HEAR/HERE more here as in where I will be hearing on Wednesday:

Marie Ponsot
J. Mae Barizo

Claudia Cortese
&
Nick Thran

Where: Cornelia Street Café
When: Wednesday, January 27th, 2010, 6pm
$7 admission gets you one free drink!


Marie Ponsot is the author of several collections of poetry, including The Bird Catcher (1998), a finalist for the 1999 Lenore Marshall Poetry Prize and the winner of the National Book Critics Circle Award, and Springing: New and Selected Poems (2002), which was named a "notable book of the year" by The New York Times Book Review.

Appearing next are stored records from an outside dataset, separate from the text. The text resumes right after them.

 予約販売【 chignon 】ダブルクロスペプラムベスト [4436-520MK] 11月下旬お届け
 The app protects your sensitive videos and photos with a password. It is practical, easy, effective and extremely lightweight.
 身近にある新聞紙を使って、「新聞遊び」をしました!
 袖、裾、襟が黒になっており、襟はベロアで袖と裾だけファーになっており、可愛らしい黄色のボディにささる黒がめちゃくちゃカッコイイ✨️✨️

Among her awards are a creative writing grant from the National Endowment for the Arts, the Delmore Schwartz Memorial Prize, The Robert Frost Poetry Award, and the Shaughnessy Medal of the Modern Language Association.

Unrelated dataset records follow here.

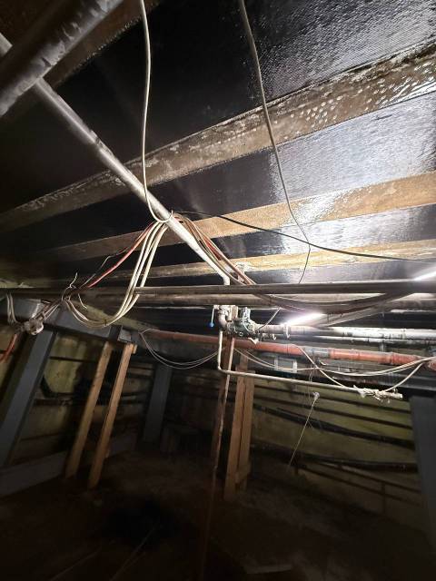 На участках с постоянными протечками выполнены работы по нанесению проникающей гидроизоляции:
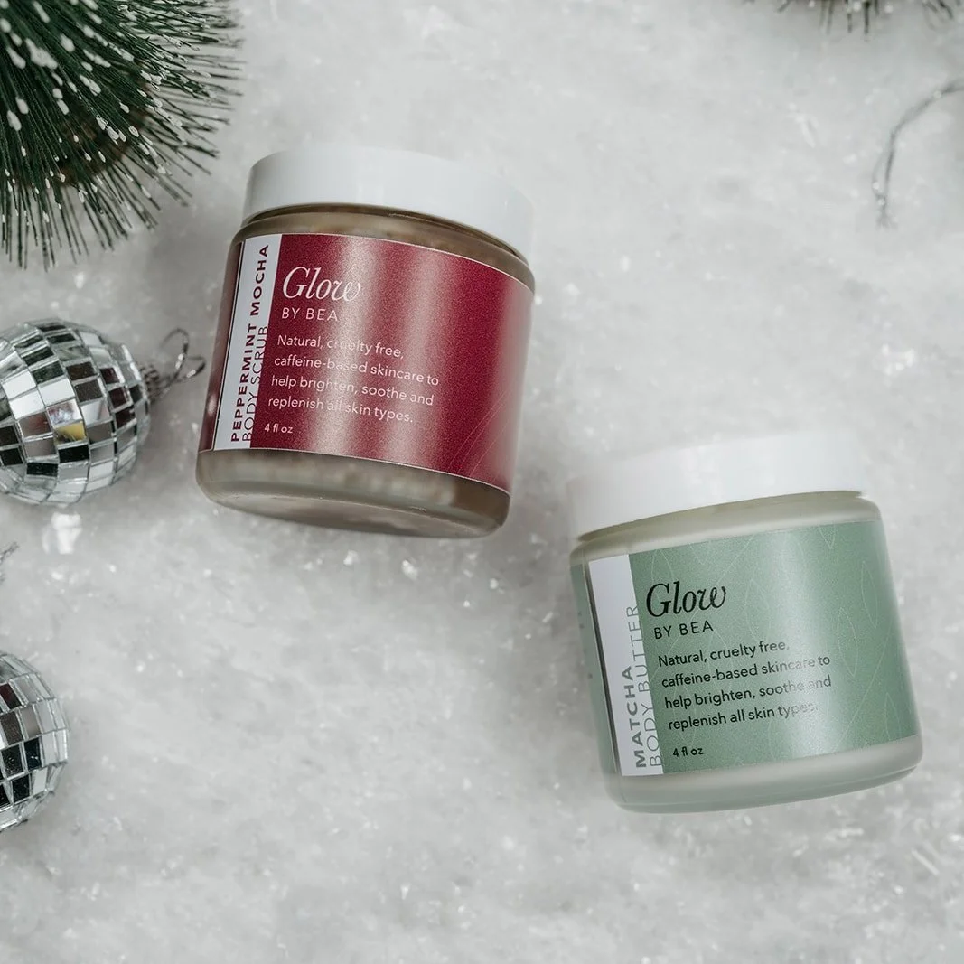 Scrub down and butter up with our new caffeine base, peppermint scented body care products. This body bundle is infused and powered with ingredients like shea butter, vitamin e and caffeine to pamper your skin, leaving it bea-utifully smooth, hydrated, and radiant!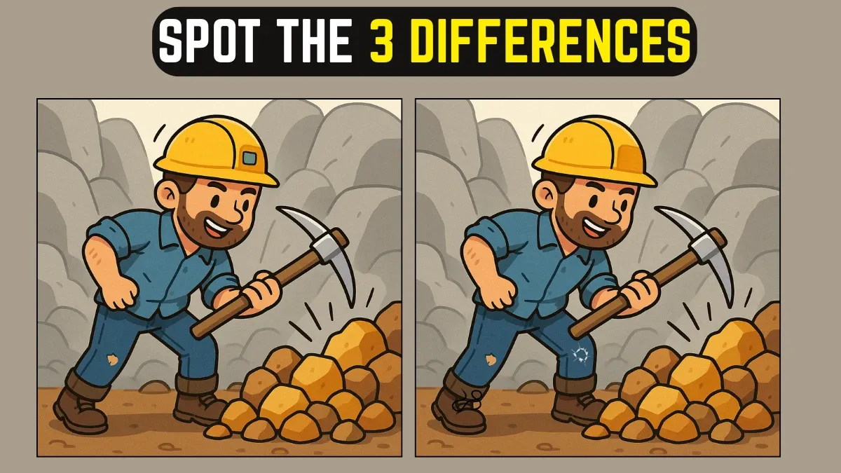 This âSpot the Differenceâ mine worker puzzle proves that even the smallest changes can test your perception. Itâs not about having perfect eyesightâitâs about training your brain to notice the unseen. Whether you spotted all three differences or just one, the key is persistence and focus. Regularly engaging in such challenges helps you stay mentally sharp, improves concentration, and gives a sense of accomplishment. So, next time you come across a puzzle like this, take it as a fun opportunity to strengthen your brain and challenge your observation skills.

Born in Toronto, J. Mae Barizo was shortlisted for Canada's Robert Kroetsch award for Innovative Poetry and Ahsahta Press's Sawtooth Poetry Prize. Her work has appeared in Baltimore Review, Bellingham Review, Another Chicago Magazine, Atlanta Review, among others. She is the author "The Concert Review" and "The Marble Palace."

Nick Thran is the author of one poetry collection, Every Inadequate Name (Insomniac Press, 2006). A second collection, Earworm, will appear in 2011 with Nightwood Editions. He currently lives in Brooklyn, New York.

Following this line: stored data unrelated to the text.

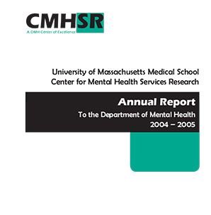 We are extremely pleased to present this annual report to DMH on the activities of its UMass Center for Excellence in Fiscal Year 2004-2005. The Center for Mental Health Services Research (CMHSR) has continued to flourish and expand its scope of work with DMH, its vendors, and other public sector agencies both within Massachusetts and beyond. The reputation of the Center and its faculty has also continued to grow locally, nationally and internationally. Our work with DMH leadership has become increasingly fruitful and beneficial to our research and service goals. And, of course, our basic research has continued to expand with a series of major new grants applied for during 2005, several of which have come to fruition since the end of the year.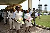 In other countries, the social practices around deathcare vary compared to the U.S. For instance, in Hindu culture, women have been barred from attending cremation rituals, and even from touching the deceased.[14] Before World War Two in Britain, women were "commonly responsible for laying-out the body", but following the war were barred from such a role given the expedient professionalization of the deathcare industry.[15]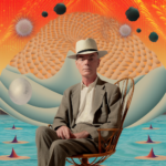 As an experiment to work with an actual photograph in Midjourney, I imported my standard head shot. This the first image in the slide show. I then instructed MJ to modify that image in a surrealist style, which after a few permutations resulted in the second image. It is a fairly accurate depiction of me some years ago, when the head shot photo was taken, but in a surrealist setting. So far, so good, but then things got interesting!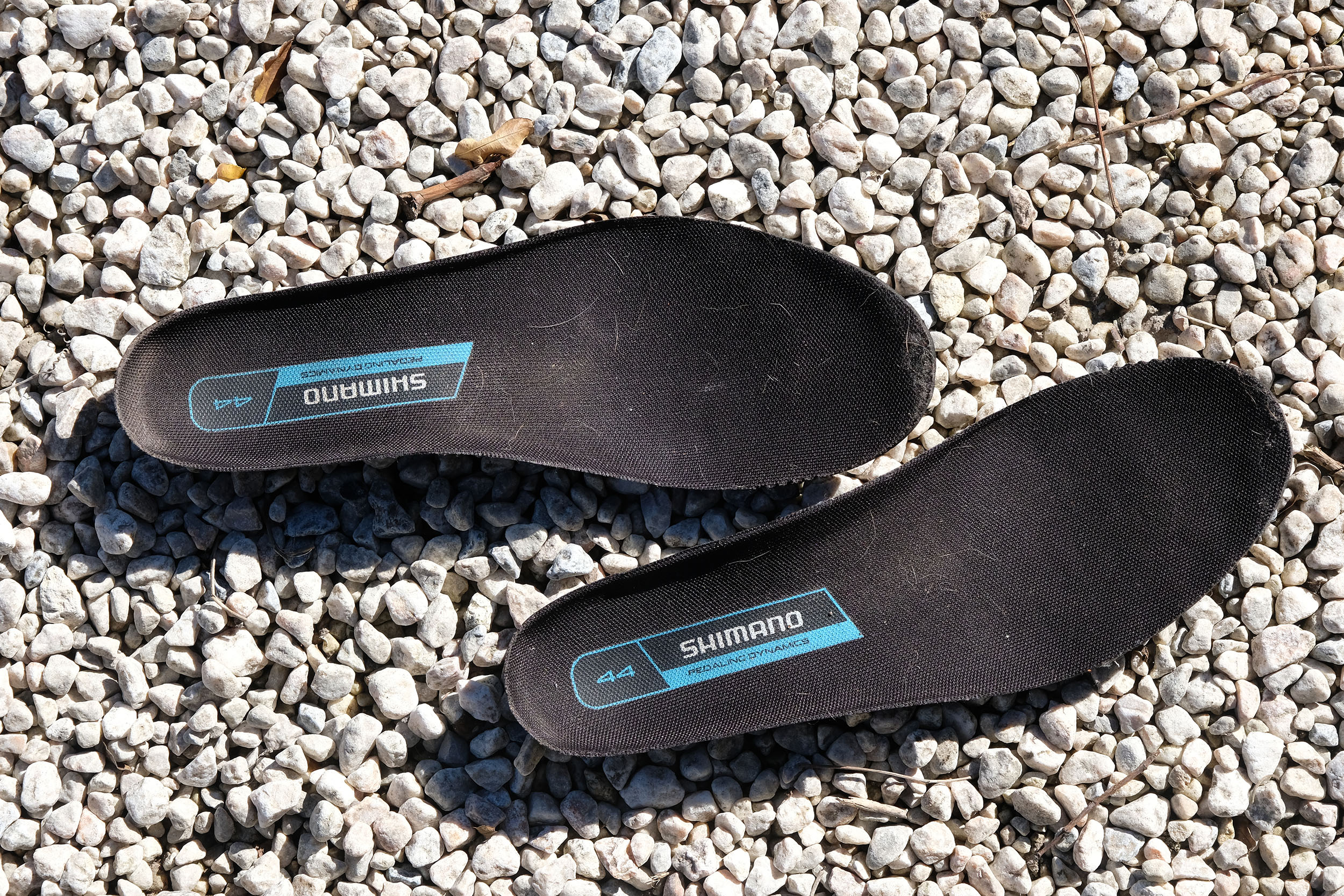 The sole differs hugely from a more racy shoe, with an EVA midsole for walking comfort and a boot-like, chunky sole made from Shimano’s Ultread rubber. They’re not light, at 930g a pair with cleats, but there’s a lot going on.

Claudia Cortese is the recipient of Kent State’s Undergraduate Wick Poetry Award. She recently completed her MFA in Poetry at Sarah Lawrence College, where she was the poetry editor forLumina Magazine and a featured reader at the Sarah Lawrence Poetry Festival. Her work has appeared in Bellevue Literary Review and At-Large Magazine.

Wednesday, January 20, 2010

Rivers and Art

Last week, back in NYC, M. and I went to the Georgia O'Keeffe and Roni Horn exhibits at the Whitney. I am drawn to the indescribable colors of O'Keeffe, and the intellectualism of Horn. The O'Keeffe installation consisted of her more abstract work, less flowers, more more more...A woman I met recently told me she loves O'Keeffe, not least because all those vaginas turn her on. Though not explicitly publicized, Horn can be found listed as a lesbian or queer woman artist. Were the curators intentional in this pairing?

I was very impressed by Horn's work. Strangely enough, this exhibit was at the Tate Modern while I was living in Oxford last year. Though I passed by, twice I think, I never went in as it cost extra to see the special exhibit. I now wish I had seen it! Since I did associate this exhibit with my time in Oxford and London, it was bittersweet for me; this deep yearning to be back there, down in my gut. My favorite piece by Horn, a series of close-up photographs of sections of the water in the Thames, entitled "Still Water (The River Thames, for example)". Each photograph contained footnote numbers in the water, in shadows, in waves, its movement and stillness; these corresponded to thoughts and questions written below the photo. I think I could have stayed looking and reading for hours. The whole exhibit, entitled Roni Horn a.k.a. Roni Horn, dealt with explorations, questions and feelings towards identity, experience, relationships.

The Thames River. The Hudson.
Identities of rivers, the people who live on them.

At this very moment, where you are is the very center of the world.